Industry Wonders How Airbag Recall Will Affect Takata

takata airbag recall

Auto industry watchers wonder how the airbag recall will affect Takata, the manufacturer. Honda may also feel sting.

As the airbag recall continues to gain traction, industry insiders are wondering what it will mean for the manufacturer of the system that is central to the whole issue, Takata. Is it also possible that the popular automaker, Honda, will also feel the sting, one way or another?

According to a report on the Reuters news wire, Takata is unlikely to feel any major impact from manufacturers in the short to medium term as it could prove very disruptive and very costly for manufacturers. However, in the longer term, the number two safety equipment maker, Takata, may see an impact to its revenues.

The Reuters report noted that while some business has quietly moved to other manufacturers, the industry doesn’t have the capacity now to allow changes.

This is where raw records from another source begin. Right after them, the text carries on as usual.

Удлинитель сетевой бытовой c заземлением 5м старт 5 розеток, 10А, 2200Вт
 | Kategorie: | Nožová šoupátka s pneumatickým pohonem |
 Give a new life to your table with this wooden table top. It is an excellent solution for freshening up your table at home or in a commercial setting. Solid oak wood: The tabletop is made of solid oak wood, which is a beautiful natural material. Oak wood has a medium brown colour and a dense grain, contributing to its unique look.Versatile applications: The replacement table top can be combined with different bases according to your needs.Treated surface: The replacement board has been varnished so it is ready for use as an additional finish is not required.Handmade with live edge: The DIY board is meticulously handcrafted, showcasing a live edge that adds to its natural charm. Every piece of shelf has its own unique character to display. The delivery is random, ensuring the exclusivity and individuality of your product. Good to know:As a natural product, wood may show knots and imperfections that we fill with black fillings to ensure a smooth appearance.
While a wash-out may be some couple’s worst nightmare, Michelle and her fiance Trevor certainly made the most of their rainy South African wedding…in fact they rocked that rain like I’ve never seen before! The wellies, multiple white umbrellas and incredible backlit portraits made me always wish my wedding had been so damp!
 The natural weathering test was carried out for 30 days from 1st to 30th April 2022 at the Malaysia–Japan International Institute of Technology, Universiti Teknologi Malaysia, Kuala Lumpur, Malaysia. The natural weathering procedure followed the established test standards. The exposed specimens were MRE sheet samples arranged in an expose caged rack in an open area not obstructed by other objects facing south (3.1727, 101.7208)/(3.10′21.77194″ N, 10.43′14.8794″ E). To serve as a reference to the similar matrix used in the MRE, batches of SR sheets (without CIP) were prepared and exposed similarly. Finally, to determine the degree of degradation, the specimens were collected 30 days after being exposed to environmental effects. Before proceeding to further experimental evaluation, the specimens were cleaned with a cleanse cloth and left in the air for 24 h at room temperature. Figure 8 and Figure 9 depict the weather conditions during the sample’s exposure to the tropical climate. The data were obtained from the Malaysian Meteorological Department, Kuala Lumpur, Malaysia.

However, as models change over the next several years, the industry’s loyalty to Takata, based in Tokyo, is likely to be tested.

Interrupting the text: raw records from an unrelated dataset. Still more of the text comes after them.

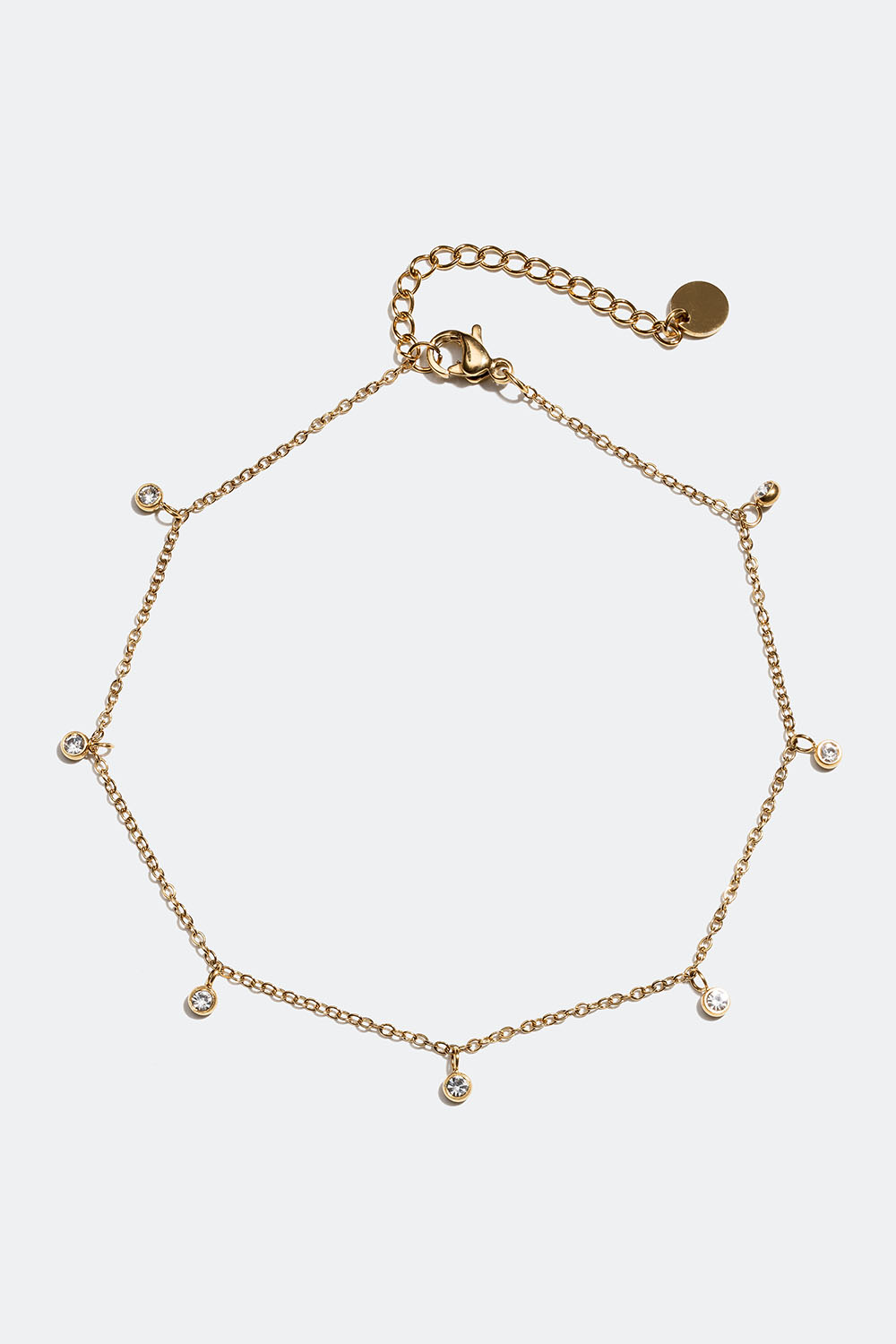 Ankelkæde i stål med 18 karat guld med Cubic Zirconia sten i gruppen 18 kt. guldbelagt stål / Ankelkæder i stål hos Glitter (209000332002)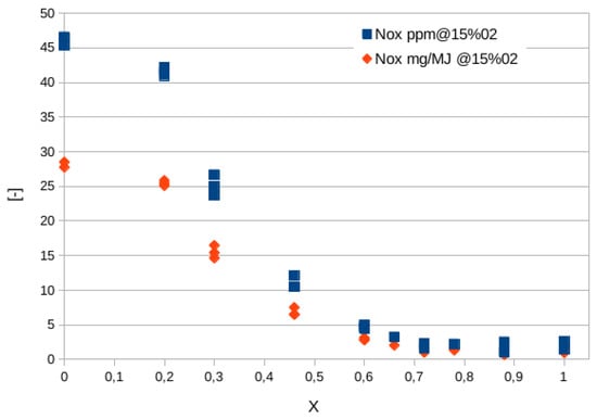 Figure 7 shows the quantity of expressed in parts per million (ppm), scaled to a value of oxygen in the combustion equal to 15%, as well as in mass normalized by the fuel energy actually converted into heat, to take into account the different composition of exhausts while increasing the hydrogen content [39]. Additionally, in this way, the emission values of machines of significantly different sizes (power) can be compared. It is observed that, above a hydrogen mole fraction of 45–50%, emissions decrease dramatically. This is due to the regulation strategy adopted in [39]: while the hydrogen content is increased, the equivalence ratio is decreased, thus lowering the flame temperature and thermal contribution (the most relevant). In fact, the temperature changes from about 2100 K for the methane flame to nearly 1600 K for the hydrogen one.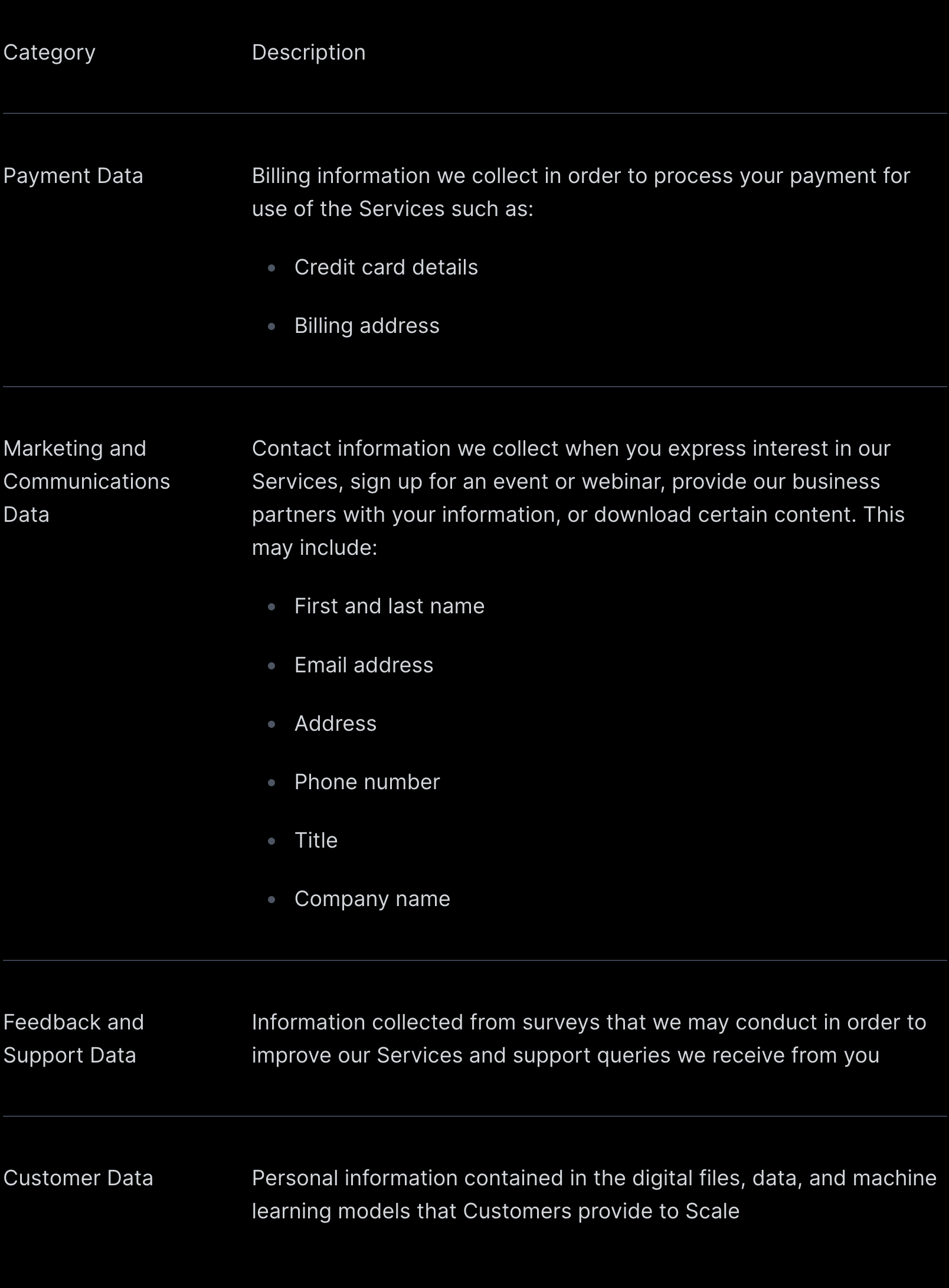This Privacy Policy applies to the personal information we collect when you use our websites (such as www.scale.com) and our products, services, and applications (collectively, the “Services”), when you attend a Scale event, or otherwise interact with us.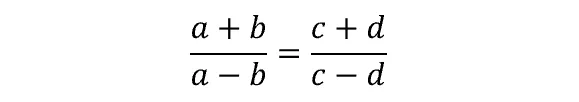 ∠C是个钝角,这一条件直接拉低了本题难度,否则还得讨论M、D、H的相对位置。AH是高,图中一堆直角三角形,果断勾股定理走起。要求三角形ABC的面积,高AH已知,求出对应底边BC即可,考虑到M是BC中点,不妨设BM = x,则AB² = BH² + AH² = (4√6 + x)² + 25AC² = CH² + AH² = (4√6 - x)² + 25上面的方程当然可以直接去分母强行化解,但是大可不必。肉眼可见,方程分子分母结构相当规整,此时轮到合分比定理出场。这就是合分比定理,证明相当简单,这里不做赘述,现行北师版初中课本删掉了这个定理,属实莫名其妙。瞬间可得x² = 73,故x = √73,三角形ABC面积为5x = 5√73。

“Takata is not going away,” says Scott Upham, a former executive at Takata and at TRW Automotive Holdings. Upham, now president of Valient Market Research, noted that “In traditional Japanese fashion they are going to take their lumps, be contrite and quiet about it.” Over time, Takata will likely try to make it up to Honda, a major customer, and other manufacturers.

For more than a decade, Honda has sourced most of its airbags through Takata. Indeed, since 2008 16 million vehicles have been recalled due to defective Takata airbags. The bulk of those cars were made by Honda. One wonders, though, if that reliance of Takata airbags will have an impact on Honda sales in the long term.

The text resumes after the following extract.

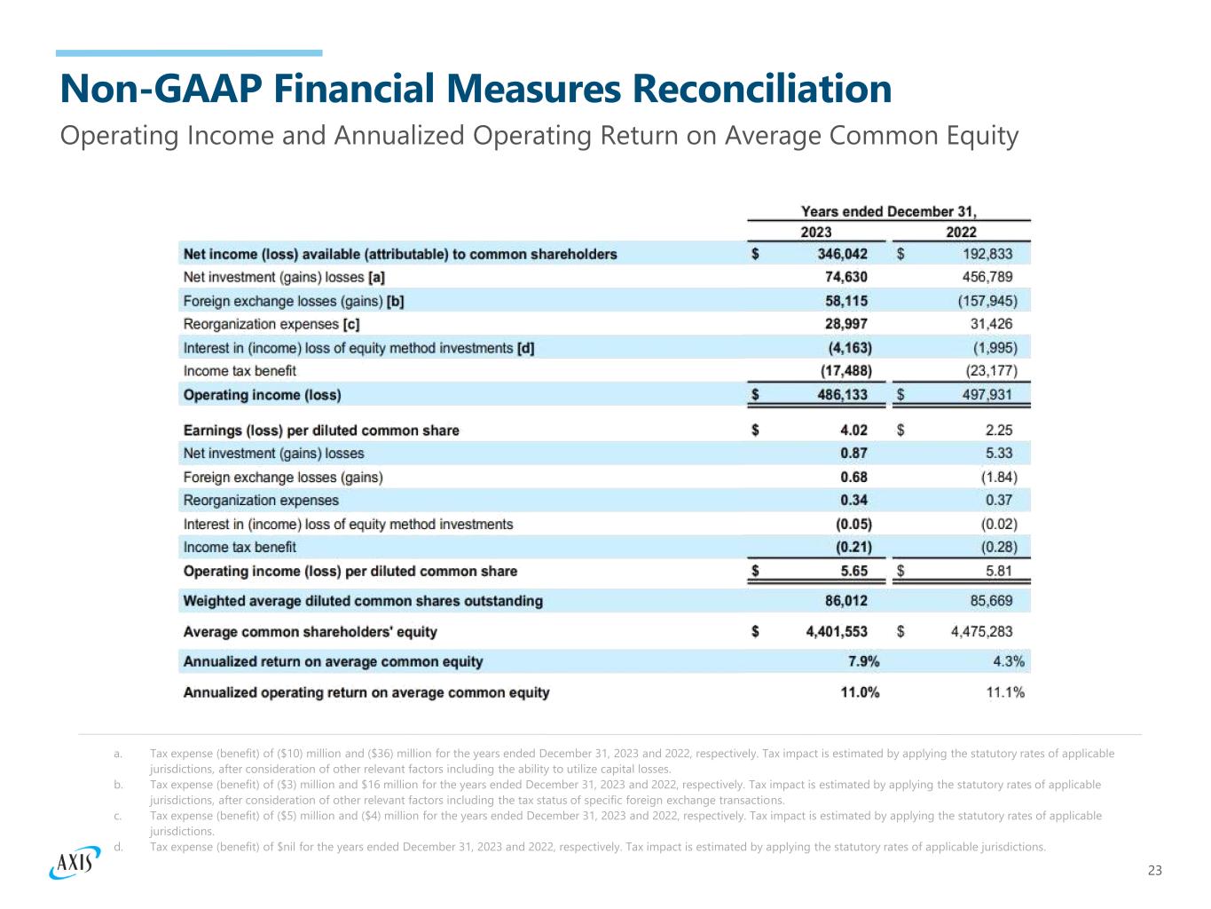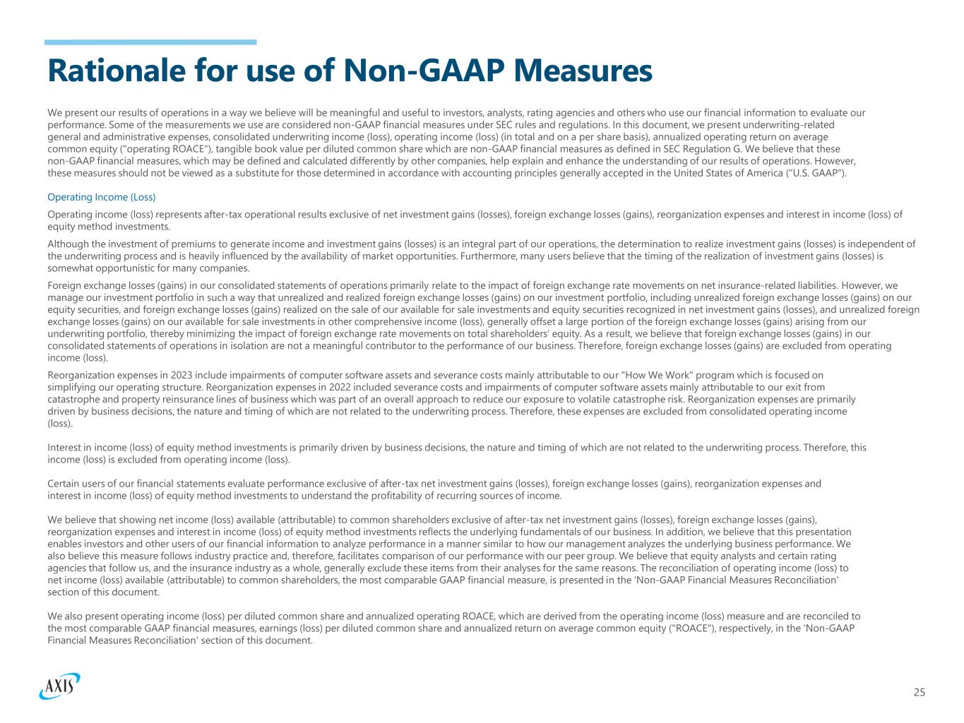 25 Rationale for use of Non-GAAP Measures We present our results of operations in a way we believe will be meaningful and useful to investors, analysts, rating agencies and others who use our financial information to evaluate our performance. Some of the measurements we use are considered non-GAAP financial measures under SEC rules and regulations. In this document, we present underwriting-related general and administrative expenses, consolidated underwriting income (loss), operating income (loss) (in total and on a per share basis), annualized operating return on average common equity ("operating ROACE"), tangible book value per diluted common share which are non-GAAP financial measures as defined in SEC Regulation G. We believe that these non-GAAP financial measures, which may be defined and calculated differently by other companies, help explain and enhance the understanding of our results of operations. However, these measures should not be viewed as a substitute for those determined in accordance with accounting principles generally accepted in the United States of America ("U.S. GAAP"). Operating Income (Loss) Operating income (loss) represents after-tax operational results exclusive of net investment gains (losses), foreign exchange losses (gains), reorganization expenses and interest in income (loss) of equity method investments. Although the investment of premiums to generate income and investment gains (losses) is an integral part of our operations, the determination to realize investment gains (losses) is independent of the underwriting process and is heavily influenced by the availability of market opportunities. Furthermore, many users believe that the timing of the realization of investment gains (losses) is somewhat opportunistic for many companies. Foreign exchange losses (gains) in our consolidated statements of operations primarily relate to the impact of foreign exchange rate movements on net insurance-related liabilities. However, we manage our investment portfolio in such a way that unrealized and realized foreign exchange losses (gains) on our investment portfolio, including unrealized foreign exchange losses (gains) on our equity securities, and foreign exchange losses (gains) realized on the sale of our available for sale investments and equity securities recognized in net investment gains (losses), and unrealized foreign exchange losses (gains) on our available for sale investments in other comprehensive income (loss), generally offset a large portion of the foreign exchange losses (gains) arising from our underwriting portfolio, thereby minimizing the impact of foreign exchange rate movements on total shareholders’ equity. As a result, we believe that foreign exchange losses (gains) in our consolidated statements of operations in isolation are not a meaningful contributor to the performance of our business. Therefore, foreign exchange losses (gains) are excluded from operating income (loss). Reorganization expenses in 2023 include impairments of computer software assets and severance costs mainly attributable to our "How We Work" program which is focused on simplifying our operating structure. Reorganization expenses in 2022 included severance costs and impairments of computer software assets mainly attributable to our exit from catastrophe and property reinsurance lines of business which was part of an overall approach to reduce our exposure to volatile catastrophe risk. Reorganization expenses are primarily driven by business decisions, the nature and timing of which are not related to the underwriting process. Therefore, these expenses are excluded from consolidated operating income (loss). Interest in income (loss) of equity method investments is primarily driven by business decisions, the nature and timing of which are not related to the underwriting process. Therefore, this income (loss) is excluded from operating income (loss). Certain users of our financial statements evaluate performance exclusive of after-tax net investment gains (losses), foreign exchange losses (gains), reorganization expenses and interest in income (loss) of equity method investments to understand the profitability of recurring sources of income. We believe that showing net income (loss) available (attributable) to common shareholders exclusive of after-tax net investment gains (losses), foreign exchange losses (gains), reorganization expenses and interest in income (loss) of equity method investments reflects the underlying fundamentals of our business. In addition, we believe that this presentation enables investors and other users of our financial information to analyze performance in a manner similar to how our management analyzes the underlying business performance. We also believe this measure follows industry practice and, therefore, facilitates comparison of our performance with our peer group. We believe that equity analysts and certain rating agencies that follow us, and the insurance industry as a whole, generally exclude these items from their analyses for the same reasons. The reconciliation of operating income (loss) to net income (loss) available (attributable) to common shareholders, the most comparable GAAP financial measure, is presented in the 'Non-GAAP Financial Measures Reconciliation' section of this document. We also present operating income (loss) per diluted common share and annualized operating ROACE, which are derived from the operating income (loss) measure and are reconciled to the most comparable GAAP financial measures, earnings (loss) per diluted common share and annualized return on average common equity ("ROACE"), respectively, in the 'Non-GAAP Financial Measures Reconciliation' section of this document.

The airbags that have faced recall are usually located in warm, humid areas like the U.S. South, Mid-Atlantic, Puerto Rico, the Virgin Islands, the Gulf, Hawaii, American Samoa, Saipan and Guam. When installed in vehicles that are garaged in these areas, the humidity causes the explosive used to inflate the airbags to deteriorate. On deterioration, the entire inflator assembly feels the impact as a deployment causes the inflator housing to scythe out of its holder and into the passenger compartment. In turn, the pieces of the broken housing act as shrapnel that is propelled into passengers.

So far, four deaths have been attributed to the failed airbags. The latest death occurred in southern Florida early this month when a driver slammed into a line of standing vehicles. The airbags in the vehicle involved, a 2001 Honda, deployed and sent shards into the passenger compartment striking the lone occupant, the driver. The driver was hit in the throat in the accident. Law enforcement officials said the accident injuries claimed the driver, though, safety officials are linking this to the defective airbags.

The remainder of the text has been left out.